* Exercise goal *
When you reach the line that contains "If your Hero", begin copying exactly and continue through the last line below. Do not copy pictures.

* Data below *
=== Begin Enclosure ===
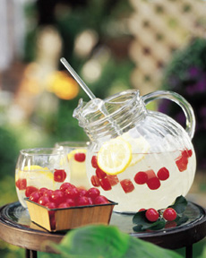 Toss cherries, blueberries or other fruit into your lemonade for added flavor and color. Photo courtesy Cherry Marketing Institute.
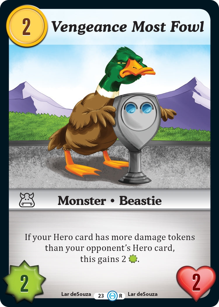 If your Hero card has more damage tokens than your opponent's Hero card, this gains 2 [power].
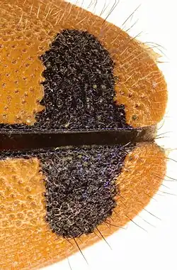 | Abb. 8: Ende Körperunterseite beim ♂, letztes Hinterleibs- segment zur Hälfte rot getönt | |
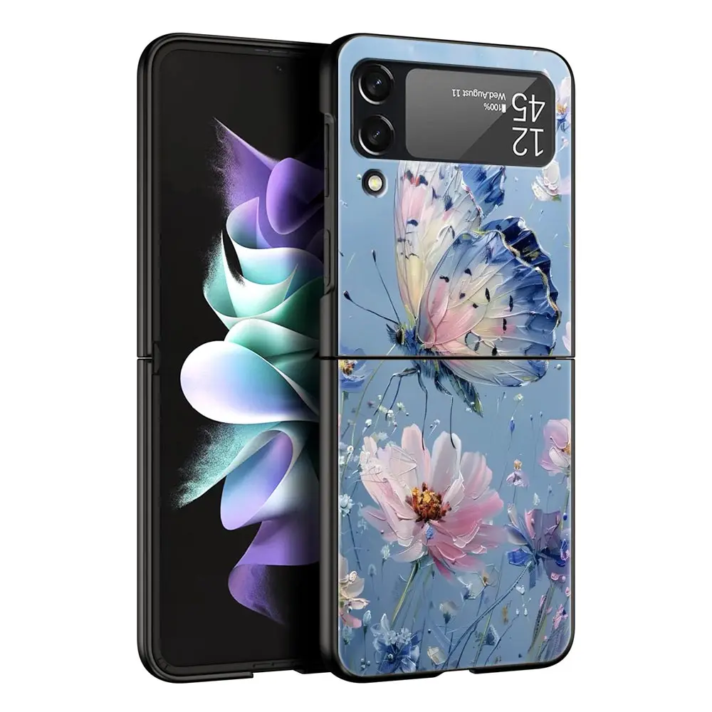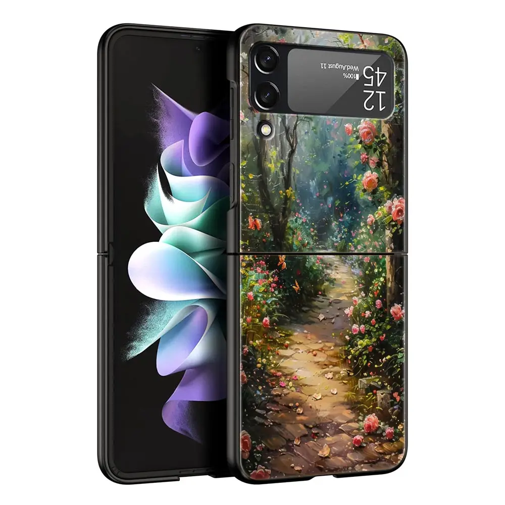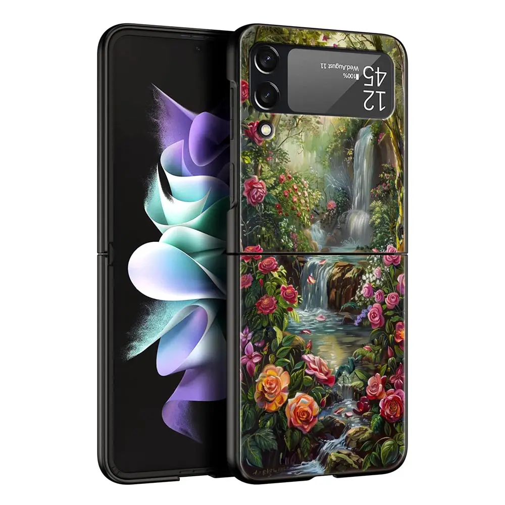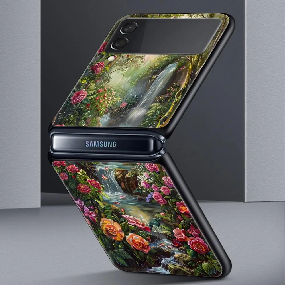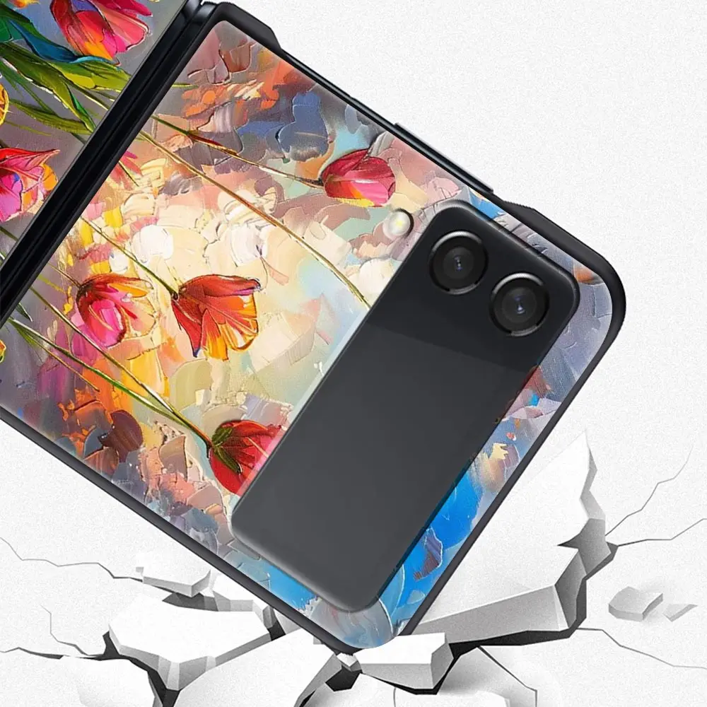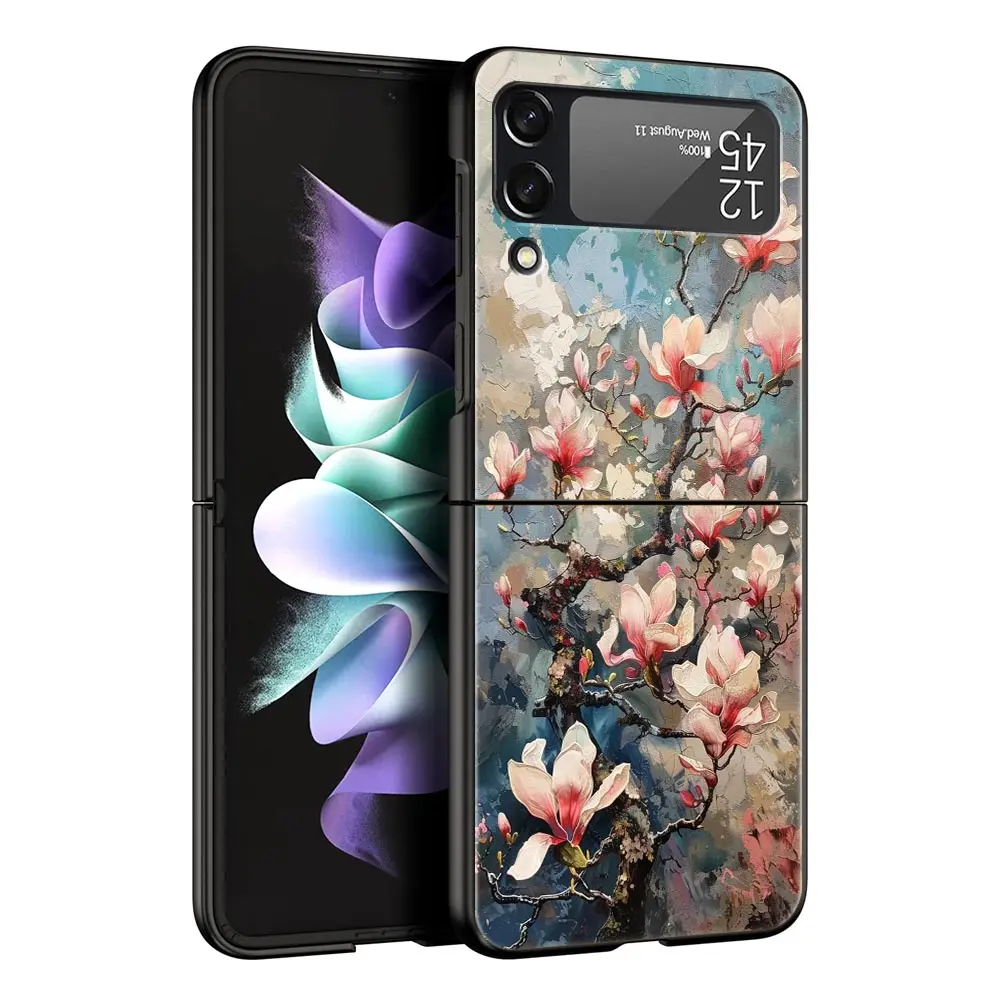 Comprar Funda de teléfono con pintura al óleo de flores para Samsung Galaxy Z Flip3 Flip4 Flip5, carcasa para Z Flip 3 4 5 6, funda plegable dura negra
=== End Enclosure ===
* Written answer *
 If your Hero card has more damage tokens than your opponent's Hero card, this gains 2 [power].
 | Abb. 8: Ende Körperunterseite beim ♂, letztes Hinterleibs- segment zur Hälfte rot getönt | |
 Comprar Funda de teléfono con pintura al óleo de flores para Samsung Galaxy Z Flip3 Flip4 Flip5, carcasa para Z Flip 3 4 5 6, funda plegable dura negra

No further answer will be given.